• **Records to process**:
┏━━

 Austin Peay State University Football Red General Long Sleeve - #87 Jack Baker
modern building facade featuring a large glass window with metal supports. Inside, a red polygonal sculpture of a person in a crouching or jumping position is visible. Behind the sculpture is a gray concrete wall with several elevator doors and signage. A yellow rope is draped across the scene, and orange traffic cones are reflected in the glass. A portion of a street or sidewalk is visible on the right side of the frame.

┗━━
┏━━

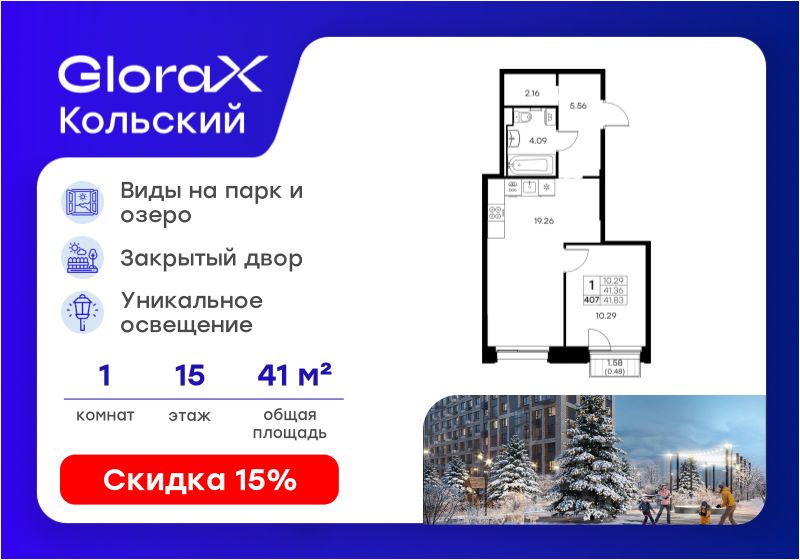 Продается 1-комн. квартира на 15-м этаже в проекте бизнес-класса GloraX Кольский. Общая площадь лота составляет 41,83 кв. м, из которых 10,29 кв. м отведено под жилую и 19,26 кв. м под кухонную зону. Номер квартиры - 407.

┗━━

Reproducing the whole listing above is not the task. Copy exactly only the lines from the one with "Austin Peay State" to the one with "modern building facade", both kept.

 Austin Peay State University Football Red General Long Sleeve - #87 Jack Baker
modern building facade featuring a large glass window with metal supports. Inside, a red polygonal sculpture of a person in a crouching or jumping position is visible. Behind the sculpture is a gray concrete wall with several elevator doors and signage. A yellow rope is draped across the scene, and orange traffic cones are reflected in the glass. A portion of a street or sidewalk is visible on the right side of the frame.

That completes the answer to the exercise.